Building in Devon, England

Bishop's Court is a large 21000 sqft English country house and former Bishop's palace in Sowton, Devon, near Exeter. It was built in the 13th century and is Grade I listed. It was a palace of the medieval bishops of Exeter from the 13th century to the 16th century.

== Architecture ==
The building is described by Pevsner as 'intensely Gothic' in style and is largely built of Heavitree stone.

The house unwent rebuilding works in 1803, having been purchased by Admiral Lord Graves. It then underwent further remodelling in 1860–4 by William White for the Garratt family, having come into the ownership of John Garratt, former Lord Mayor of London.

The chapel contains a triptych by Nathaniel Westlake.

The former stables were built in the early 16th century, also of Heavitree stone, and are Grade I listed.

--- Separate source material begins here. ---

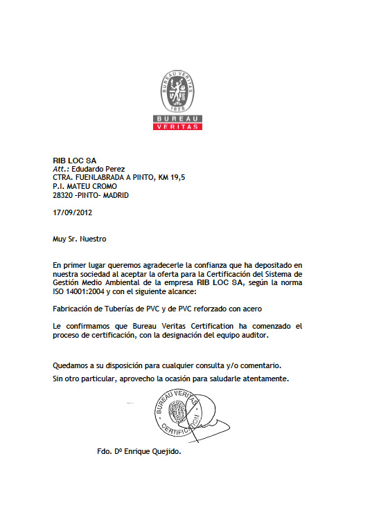 Nuestros productos y sistemas están certificados por organismos acreditados, al igual que nuestros proveedores de materia prima y productos complementarios. Nos sentimos orgullosos de recalcar el hecho de que todo nuestro sistema productivo y su resultado, nuestros sistemas de canalización, cumplen con todos los requisitos medioambientales establecidos por la normativa vigente.
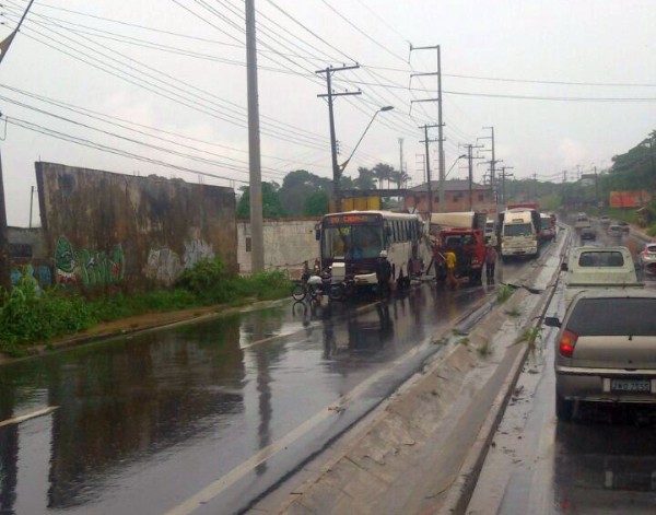 Manaus/AM – Acidente envolve caminhão, placas JXB-7240, que abalroou ônibus da linha 310, nº de ordem 0211043, da empresa Açaí, na rodovia Vital de Mendonça, no Tarumã, zona Oeste, na tarde desta terça-feira, 6.

The former tithe barn is thought to have been built in the early 14th century and is also Grade I listed.

== History ==
Bishop's Court was acquired by the bishops of Exeter in 1265 and used by them until 1546.

In 1549, Bishop John Vesey was induced to grant the Manor of Bishop's Clyst, along with the palace, to John Russell, 1st Earl of Bedford.

Sir Thomas Fairfax used Bishop's Court as a garrison during the blockade of Exeter in 1645.

By the 1950s, Bishop's Court was being used as a company headquarters.